The Wrong Lilies

The Wrong Lilies

Sunday, August 12, 2012

COLLATERAL DAMAGE


The first words that came into my thoughts when Paul Ryan was announced as a vice-presidential candidate by Mitt Romney were “collateral damage.”  What exactly is collateral damage?  By definition, collateral damage is damage aside from that which was intended.  And that so aptly describes the effect that would occur if the Romney-Ryan team won the presidency.   Why?  Because between the Ryan budget plan and the Romney budget plan, which could also be described as cut and slash finance, extreme reductions would be made to the very institutions that keep our country afloat during difficult times:  Medicare, Social Security, education, infrastructure.

Congressman Paul Ryan is best known as the author of a budget so radical The New York Times called it "the most extreme budget plan passed by a House of Congress in modern times." With Mitt Romney's support, Ryan would end Medicare as we know it and slash the investments we need to keep our economy growing -- all while cutting taxes for those at the very top.

So who would benefit from this duo?  The largest corporations and the wealthiest individuals would find their taxes reduced.  The middle class and the poor would find their taxes increased.  This information is provided by the Congressional Budget Office evaluation of these plans. 

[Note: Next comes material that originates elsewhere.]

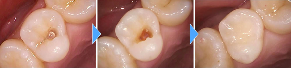 虫歯を除去し、強化プラスチックにて綺麗に補修しました。周囲歯とも調和した自然な仕上がりになりました。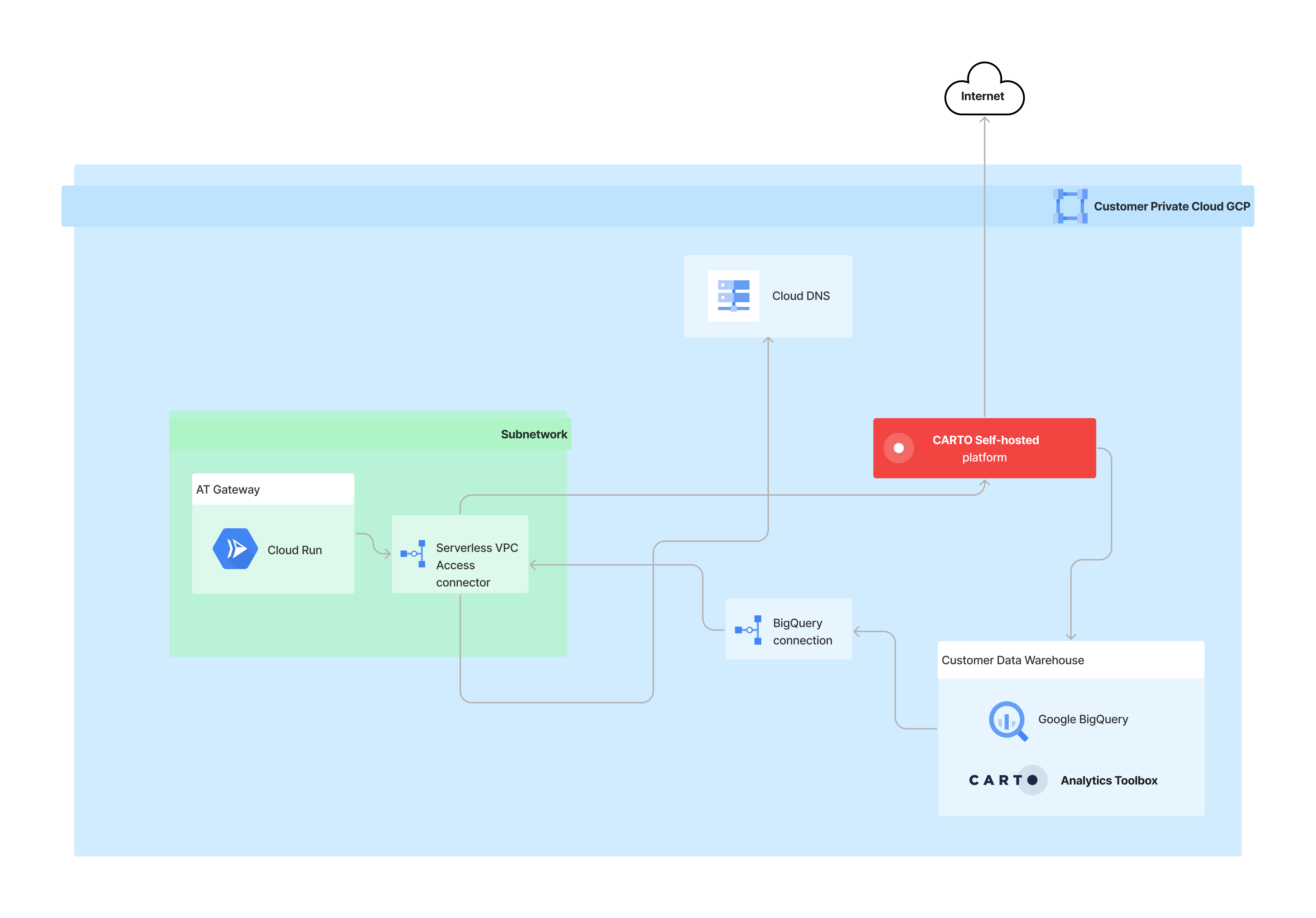 AT Gateway: Creation of isolines, geocoding and routing require making calls to CARTO LDS API. Some functions of the Analytics Toolbox require making a request to the CARTO Platform backend (like importing from a URL or the 'Send by Email' component in Workflows) . For this purpose, Cloud Run functions need to be deployed in your VPC.

And who would lose from this duo?  The nation’s poor would lose the possibility of medical insurance and care, they would lose or face drastic reductions in food programs, poor school children would lose their breakfasts and lunches, the elderly would face drastic cuts in both Medicare and Social Security.  The students who will become our future will face greatly reduced educational benefits and opportunities.  Investments in infrastructure and energy grid development would be curtailed or cut completely. There is not a federal program which would not benefit from improvement, but there is a difference between improvement and destruction.

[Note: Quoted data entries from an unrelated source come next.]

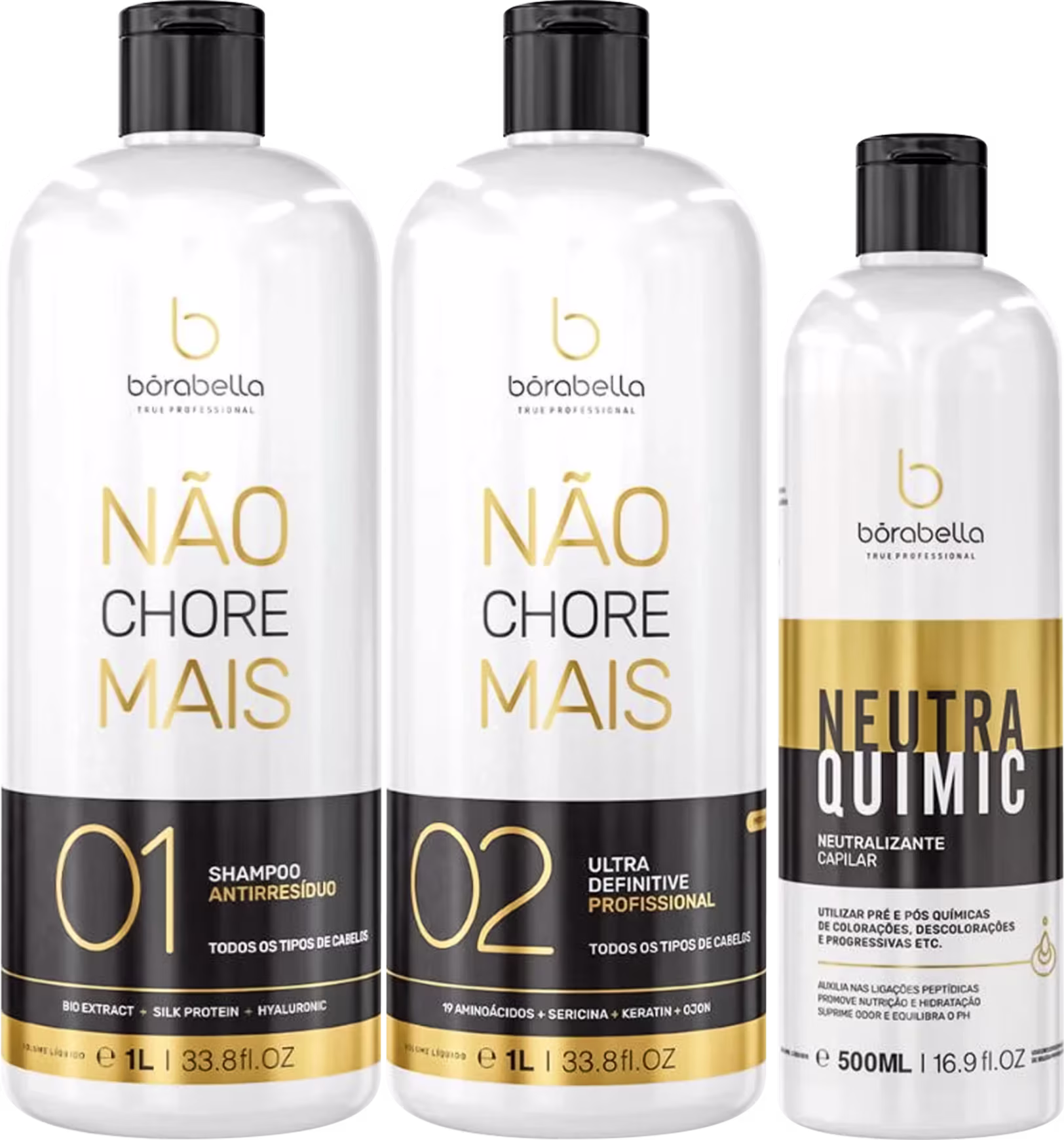 A formulação importada da Borabella Não Chore Mais é composta por ativos avançados e exclusivos que penetram profundamente nos fios, proporcionando uma verdadeira revitalização profissional de salão.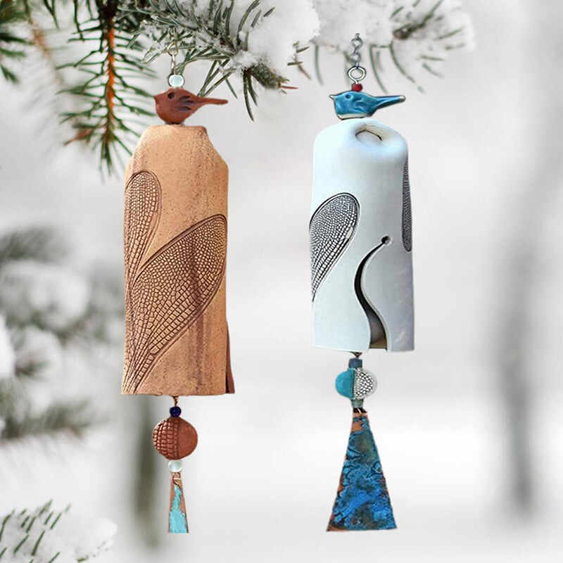 This handmade clay wind chime features a beautiful carved dragonfly pattern,accented by a large copper wind sail with a patina finish.A small ceramic sculptured blue bird of happiness sits atop the bell.My wind chimes serve so many purposes,besides just beautiful garden décor.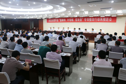 9月14日,全县扶贫开发“重精准、补短板、促攻坚”专项整改行动再推进会召开。县领导梁国金、李玉武、董永来、罗绍明、王光军、陈明龙、储诒权、华心扬、潘传才、檀竹茂等出席会议。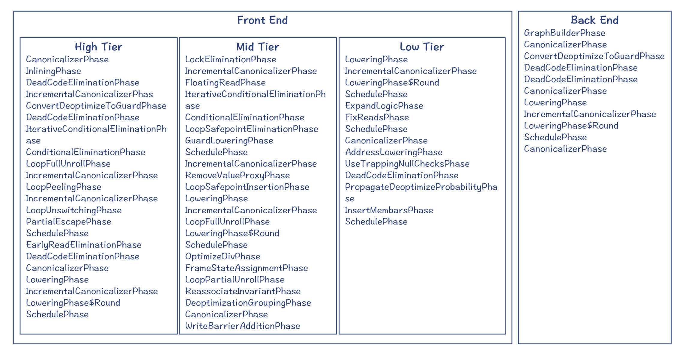 接着,你会看到,整个编译过程被分成了前端和后端两个部分。前端部分使用的IR是HIR。而且在前端部分,HIR又分成了高(HighTier)、中(MidTier)、低(LowTier)三层。在每个层次里,都要执行很多遍(Phase)对图的处理。这些处理,指的就是各种的优化和处理算法。而从高到低过渡的过程,就是不断Lower的过程,也就是把IR中,较高抽象度的节点替换成了更靠近底层实现的节点。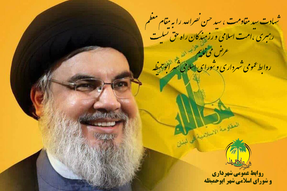 ضایعه دردناک شهادت سید مقاومت ،سید حسن نصرالله و جمعی از فرماندهان مقاومت را به مقام معظم رهبری ،امت اسلامی و رزمندگان راه حق تسلیت عرض مینماییم. شهید سید حسن نصر الله همواره سمبل مقاومت و ایستادگی در برابر زورگویان و ظالمان بود و نام ایشان همیشه در دل آزادی خواهان جهان باقی خواهد ماند.

And what would be the ultimate goal of all this terrible cut-and-slash?  Theoretically, the national debt, the debt incurred by the previous Republican philosophy of unpaid-for  tax cuts, unpaid-for wars, unpaid-for prescription drug programs, all that debt would now be magically cleared away, unless a Republican administration decided that another war was required.  Because this particular Republican duo of Romney and Ryan do not operate on plans to nurture our country, either as a country or as individuals.  They operate on a statistical theory that looks beautiful to them:  take this money from here and just apply it there.

But the true nature of governing, in the true definition of the word, would be to care about the effects of decisions, to understand that social programs are investments in the governed, and above all, to avoid ‘perfecting’ financial theories at the expense of collateral damage.